Maximum mutual information, or MMI, is a sequence discriminative training criteria popular in ASR. “Sequence” means that the objective takes into account the utterance as a whole instead of “frame-level” objectives like cross-entropy. “Discriminative” loosely means using an objective function which supposedly optimizes some criteria associated with the task, and then minimizing that objective directly using gradient-based methods. Discriminative training for LVCSR was made popular in Dan Povey’s thesis. Formally, the MMI objective for ASR is written as

\[F_{MMI}(\theta) = \sum_{r=1}^R \log \frac{P_{\theta}(O_r|M_{w_r})P(w_r)}{\sum_{\hat{w}}P_{\theta}(O_r|M_{\hat{w}})P(\hat{w})},\]

where $M_w$ is the HMM corresponding to the transcription $w$. As you can see, the objective function considers the log-probability of the whole utterance in the numerator, and normalizes it by dividing with the log-probability of all possible utterances in the denominator. Here, the distributions with subscript $\theta$ are the parametrized distributions that are trained.

Deriving gradients for MMI

First-order gradient based methods such as stochastic gradient descent (SGD) are most commonly used for optimization. To use such approaches, we need to first know the gradient of the MMI objective in terms of the parameter $\theta$. In this section, we derive this gradient fairly explicitly. This is mostly taken from these slides with added steps and explanations.

We start with our above formulation of the MMI objective and break the $\log$ into the smaller terms.

\[\begin{align*} F_{MMI}(\theta) &= \sum_{r=1}^R \log \frac{P_{\theta}(O_r|W_r)P(W_r)}{\sum_{\hat{W}}P_{\theta}(O_r|\hat{W})P(\hat{W})} \\ &= \sum_{r=1}^R \left[ \log P_{\theta}(O_r|W_r) + \log P(W_r) - \log \sum_{\hat{W}}P_{\theta}(O_r|\hat{W})P(\hat{W}) \right] \end{align*}\]

Now we take the gradient w.r.t parameter $\theta$:

\[\begin{align*} \nabla_{\theta} F_{MMI}(\theta) &= \nabla_{\theta} \sum_{r=1}^R \left[ \log P_{\theta}(O_r|W_r) + \log P(W_r) - \log \sum_{\hat{W}}P_{\theta}(O_r|\hat{W})P(\hat{W}) \right] \\ &= \sum_{r=1}^R \left[ \nabla_{\theta} \log P_{\theta}(O_r|W_r) + \nabla_{\theta} \log P(W_r) - \nabla_{\theta} \log \sum_{\hat{W}}P_{\theta}(O_r|\hat{W})P(\hat{W}) \right] \\ &= \sum_{r=1}^R \left[ \nabla_{\theta} \log P_{\theta}(O_r|W_r) - \nabla_{\theta} \log \sum_{\hat{W}}P_{\theta}(O_r|\hat{W})P(\hat{W}) \right] \\ \end{align*}\]

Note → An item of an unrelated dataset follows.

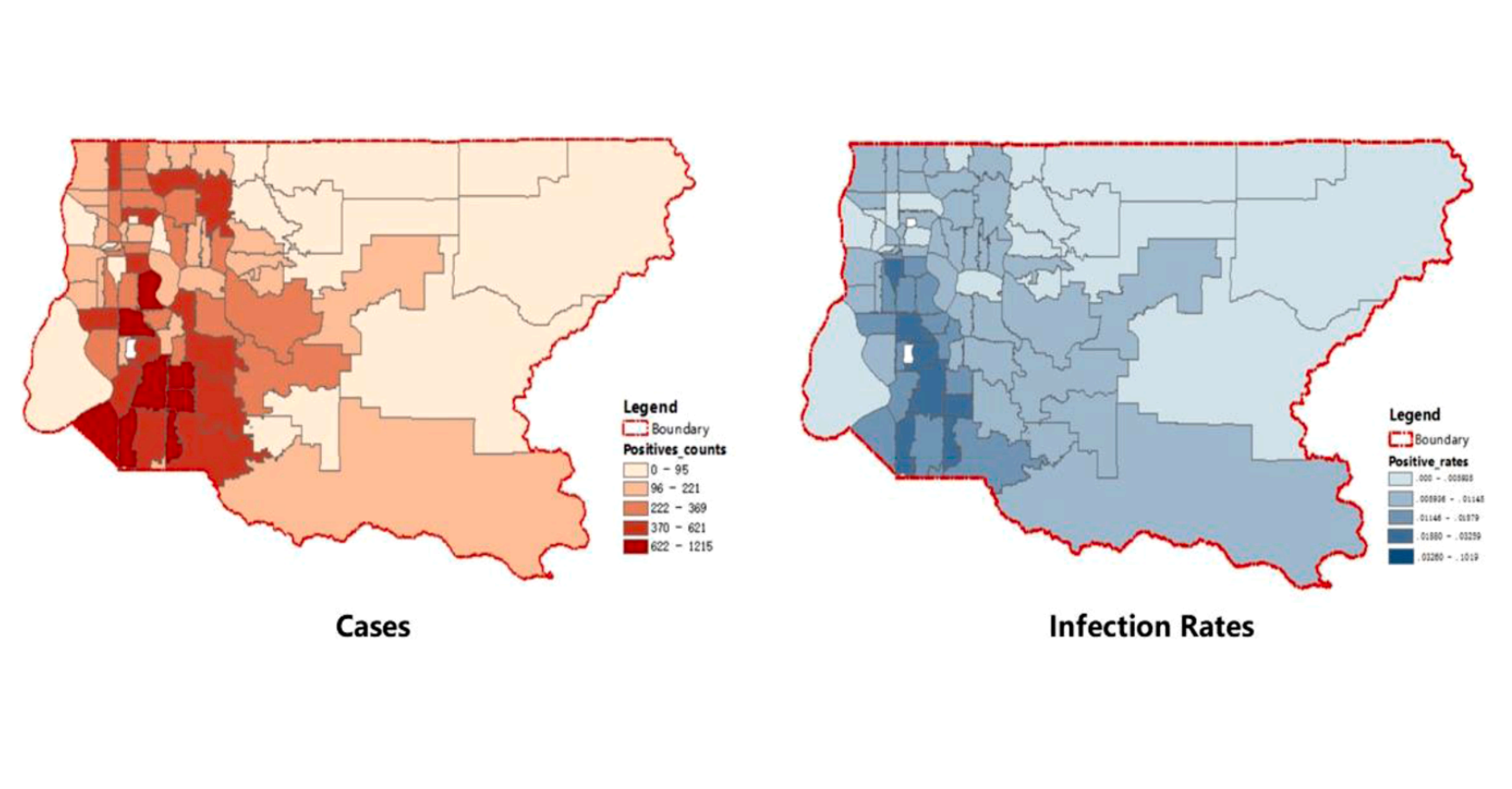 This study drew initial conclusions regarding the association between the built environment and the transmission of infection in the typically metropolitan area of King County, Washington. Integrating socioeconomic and meteorological factors, we focused on attributes related to the built environment, notably land use, POI distribution, population density, building concentration, road networks and households. Conducting PCA-MLR, PCC-MLR and GWR models, we explored methods that could be used to study infectious diseases in urban areas.

Here we have used $\nabla_{\theta} \log P(W_r) = 0$ since $P(W_r)$ is independent of $\theta$. Now we simplify the second term inside the sum.

\[\begin{align*} \nabla_{\theta} F_{MMI}(\theta) &= \sum_{r=1}^R \left[ \nabla_{\theta} \log P_{\theta}(O_r|W_r) - \frac{\nabla_{\theta} \sum_{\hat{W}}P_{\theta}(O_r|\hat{W})P(\hat{W})}{\sum_{\hat{W}}P_{\theta}(O_r|\hat{W})P(\hat{W})} \right] \\ &= \sum_{r=1}^R \left[ \nabla_{\theta} \log P_{\theta}(O_r|W_r) - \frac{\sum_{\hat{W}} \nabla_{\theta} \left( P_{\theta}(O_r|\hat{W})P(\hat{W}) \right) }{\sum_{\hat{W}}P_{\theta}(O_r|\hat{W})P(\hat{W})} \right] \\ &= \sum_{r=1}^R \left[ \nabla_{\theta} \log P_{\theta}(O_r|W_r) - \frac{\sum_{\hat{W}} P(\hat{W}) \nabla_{\theta} P_{\theta}(O_r|\hat{W}) }{\sum_{\hat{W}}P_{\theta}(O_r|\hat{W})P(\hat{W})} \right] \end{align*}\]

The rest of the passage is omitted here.